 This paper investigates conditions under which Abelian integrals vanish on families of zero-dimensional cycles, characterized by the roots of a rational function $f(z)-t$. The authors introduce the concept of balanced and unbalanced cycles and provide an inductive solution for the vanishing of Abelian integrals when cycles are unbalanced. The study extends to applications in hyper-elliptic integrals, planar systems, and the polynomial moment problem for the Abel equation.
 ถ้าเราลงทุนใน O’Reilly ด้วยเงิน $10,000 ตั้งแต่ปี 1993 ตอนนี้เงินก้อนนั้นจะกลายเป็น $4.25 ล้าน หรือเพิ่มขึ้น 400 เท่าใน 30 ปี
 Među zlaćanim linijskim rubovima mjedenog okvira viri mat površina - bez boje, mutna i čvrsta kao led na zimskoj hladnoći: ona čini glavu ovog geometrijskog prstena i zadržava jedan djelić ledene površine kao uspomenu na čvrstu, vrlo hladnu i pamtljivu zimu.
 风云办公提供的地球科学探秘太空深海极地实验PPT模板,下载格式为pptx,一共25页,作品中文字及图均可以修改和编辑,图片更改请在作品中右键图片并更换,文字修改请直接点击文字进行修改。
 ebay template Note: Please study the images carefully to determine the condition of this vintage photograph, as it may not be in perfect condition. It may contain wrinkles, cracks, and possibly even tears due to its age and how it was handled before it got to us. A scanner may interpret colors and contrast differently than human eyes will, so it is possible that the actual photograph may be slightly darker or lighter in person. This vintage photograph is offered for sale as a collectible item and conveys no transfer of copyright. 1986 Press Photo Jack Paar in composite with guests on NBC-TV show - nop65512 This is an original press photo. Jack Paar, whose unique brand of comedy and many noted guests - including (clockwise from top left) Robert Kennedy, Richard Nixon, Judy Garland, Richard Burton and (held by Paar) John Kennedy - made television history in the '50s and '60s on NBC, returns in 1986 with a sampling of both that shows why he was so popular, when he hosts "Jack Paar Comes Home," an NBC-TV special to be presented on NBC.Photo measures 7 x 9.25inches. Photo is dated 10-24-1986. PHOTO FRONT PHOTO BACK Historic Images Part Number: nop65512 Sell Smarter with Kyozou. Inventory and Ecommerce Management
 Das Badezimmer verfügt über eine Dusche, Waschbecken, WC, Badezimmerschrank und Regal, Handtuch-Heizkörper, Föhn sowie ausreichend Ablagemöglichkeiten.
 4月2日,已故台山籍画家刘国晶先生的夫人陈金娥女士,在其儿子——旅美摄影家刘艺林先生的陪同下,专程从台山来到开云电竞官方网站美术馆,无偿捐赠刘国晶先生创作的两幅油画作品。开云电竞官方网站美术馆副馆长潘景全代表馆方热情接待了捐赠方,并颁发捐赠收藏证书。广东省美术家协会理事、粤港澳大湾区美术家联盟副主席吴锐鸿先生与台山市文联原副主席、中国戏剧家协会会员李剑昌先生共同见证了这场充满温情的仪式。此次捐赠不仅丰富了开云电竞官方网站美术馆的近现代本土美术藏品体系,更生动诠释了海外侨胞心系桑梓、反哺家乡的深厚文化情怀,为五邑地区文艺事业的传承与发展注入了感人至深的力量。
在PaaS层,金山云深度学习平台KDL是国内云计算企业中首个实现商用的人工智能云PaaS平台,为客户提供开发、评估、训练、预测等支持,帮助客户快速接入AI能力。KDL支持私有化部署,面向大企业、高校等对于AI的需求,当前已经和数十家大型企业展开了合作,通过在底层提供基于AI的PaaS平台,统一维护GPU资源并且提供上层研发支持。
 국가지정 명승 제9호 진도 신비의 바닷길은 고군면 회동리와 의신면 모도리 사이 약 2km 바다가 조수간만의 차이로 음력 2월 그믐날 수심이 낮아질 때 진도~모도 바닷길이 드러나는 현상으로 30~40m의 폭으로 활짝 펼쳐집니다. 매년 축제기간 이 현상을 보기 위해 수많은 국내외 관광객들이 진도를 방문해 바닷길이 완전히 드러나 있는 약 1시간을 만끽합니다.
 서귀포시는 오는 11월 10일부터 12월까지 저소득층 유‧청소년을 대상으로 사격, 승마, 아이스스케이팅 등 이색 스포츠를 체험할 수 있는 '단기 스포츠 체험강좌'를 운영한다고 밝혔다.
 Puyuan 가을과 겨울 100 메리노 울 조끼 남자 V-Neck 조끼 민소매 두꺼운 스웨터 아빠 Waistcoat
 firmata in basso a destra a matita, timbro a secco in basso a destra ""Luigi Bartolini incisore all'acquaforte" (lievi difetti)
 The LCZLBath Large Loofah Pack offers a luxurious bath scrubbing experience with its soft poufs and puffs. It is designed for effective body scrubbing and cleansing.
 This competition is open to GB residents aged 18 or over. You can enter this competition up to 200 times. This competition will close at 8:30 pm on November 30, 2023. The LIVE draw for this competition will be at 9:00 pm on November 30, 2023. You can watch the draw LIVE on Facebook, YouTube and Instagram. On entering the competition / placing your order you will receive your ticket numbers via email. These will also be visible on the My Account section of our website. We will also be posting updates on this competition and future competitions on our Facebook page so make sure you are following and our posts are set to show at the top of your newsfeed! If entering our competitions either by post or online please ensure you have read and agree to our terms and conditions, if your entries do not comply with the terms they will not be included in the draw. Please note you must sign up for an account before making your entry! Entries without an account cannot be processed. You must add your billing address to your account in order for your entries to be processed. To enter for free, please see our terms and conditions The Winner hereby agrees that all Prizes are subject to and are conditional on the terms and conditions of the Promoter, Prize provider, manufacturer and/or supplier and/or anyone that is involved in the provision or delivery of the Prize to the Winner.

### [Task requirements]
Lines from the top of the entries above to the line that contains "风云办公提供的地球科学探秘太" should be set down exactly, please, with both ends kept and nothing added.

### [Solved problem]
 This paper investigates conditions under which Abelian integrals vanish on families of zero-dimensional cycles, characterized by the roots of a rational function $f(z)-t$. The authors introduce the concept of balanced and unbalanced cycles and provide an inductive solution for the vanishing of Abelian integrals when cycles are unbalanced. The study extends to applications in hyper-elliptic integrals, planar systems, and the polynomial moment problem for the Abel equation.
 ถ้าเราลงทุนใน O’Reilly ด้วยเงิน $10,000 ตั้งแต่ปี 1993 ตอนนี้เงินก้อนนั้นจะกลายเป็น $4.25 ล้าน หรือเพิ่มขึ้น 400 เท่าใน 30 ปี
 Među zlaćanim linijskim rubovima mjedenog okvira viri mat površina - bez boje, mutna i čvrsta kao led na zimskoj hladnoći: ona čini glavu ovog geometrijskog prstena i zadržava jedan djelić ledene površine kao uspomenu na čvrstu, vrlo hladnu i pamtljivu zimu.
 风云办公提供的地球科学探秘太空深海极地实验PPT模板,下载格式为pptx,一共25页,作品中文字及图均可以修改和编辑,图片更改请在作品中右键图片并更换,文字修改请直接点击文字进行修改。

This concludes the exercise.